» **Exercise details**
Leaving all pictures aside, copy exactly the lines from the start of the listing below through the line that contains "Lekker dikke feestbundel", and only those lines.

» **Dataset extract**
^^^^^^^^
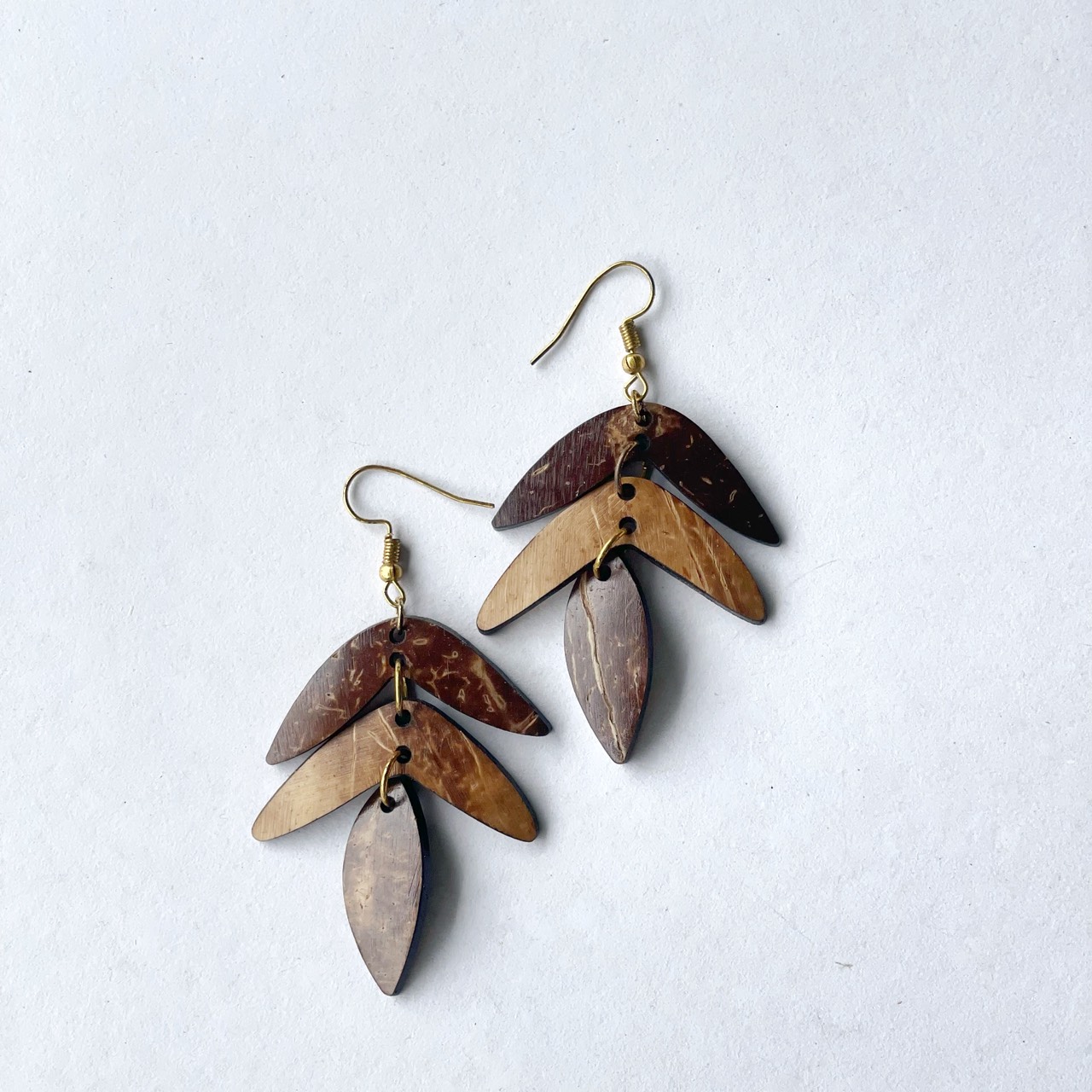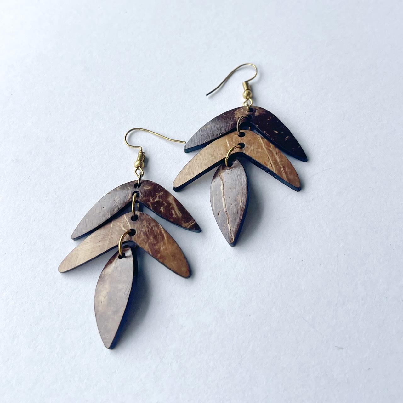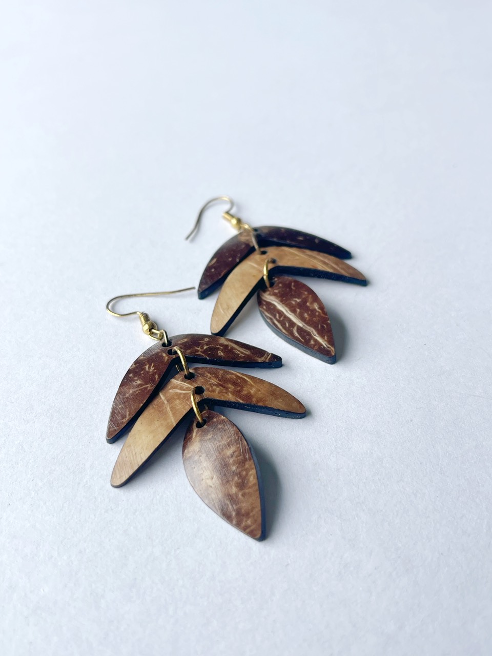 - Nguyên liệu chính để tạo ra Bông tai Dừa dáng lá xếp tầng là gáo dừa da me tự nhiên kết hợp với các phụ kiện trang sức khác.
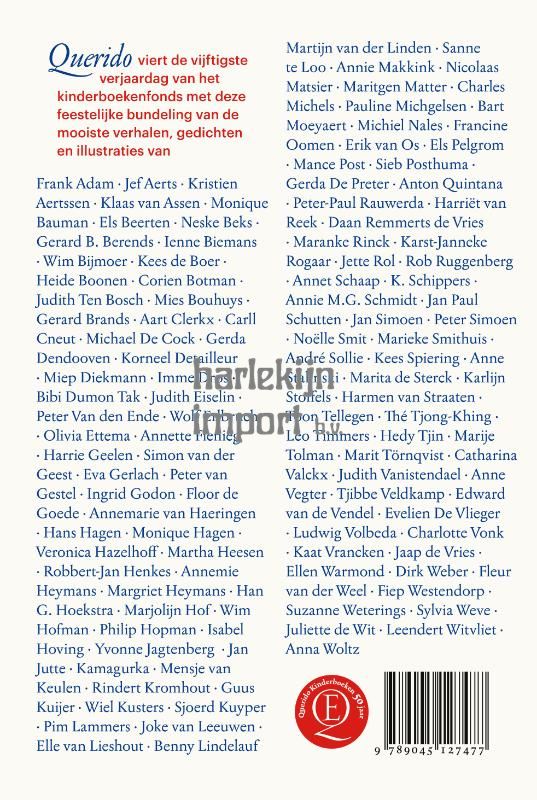 Lekker dikke feestbundel met het mooiste uit de eerste 50 jaar van Querido’s kinderboekenfonds. Met natuurlijk Pluk van de Petteflet van Annie M.G. Schmidt en Fiep Westendorp, waarmee het allemaal begon. Maar ook met Guus Kuijer en zijn Madelief en vele andere grote schrijvers en illustratoren. Van Toon Tellegen tot Annet Schaap, van Marit Törnqvist tot Fleur van der Weel. Uit hun boeken zijn de mooiste verhalen, fragmenten en gedichten gekozen om met het hele gezin van te genieten.
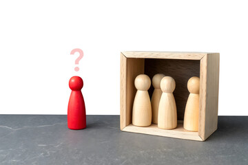 A minimalistic scene with five wooden figurines. Four natural wood-colored figurines stand in a row inside a dashed rectangular box
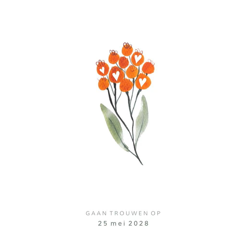 Prachtige enkele vierkante trouwkaart voor jullie huwelijk. Met prachtige sierletters in écht goudfolie druk en subtiel een botanisch blaadje. Alles staat los en er zijn nog veel meer blaadjes in onze beeldbank.
^^^^^^^^
» **Written response**
 - Nguyên liệu chính để tạo ra Bông tai Dừa dáng lá xếp tầng là gáo dừa da me tự nhiên kết hợp với các phụ kiện trang sức khác.
 Lekker dikke feestbundel met het mooiste uit de eerste 50 jaar van Querido’s kinderboekenfonds. Met natuurlijk Pluk van de Petteflet van Annie M.G. Schmidt en Fiep Westendorp, waarmee het allemaal begon. Maar ook met Guus Kuijer en zijn Madelief en vele andere grote schrijvers en illustratoren. Van Toon Tellegen tot Annet Schaap, van Marit Törnqvist tot Fleur van der Weel. Uit hun boeken zijn de mooiste verhalen, fragmenten en gedichten gekozen om met het hele gezin van te genieten.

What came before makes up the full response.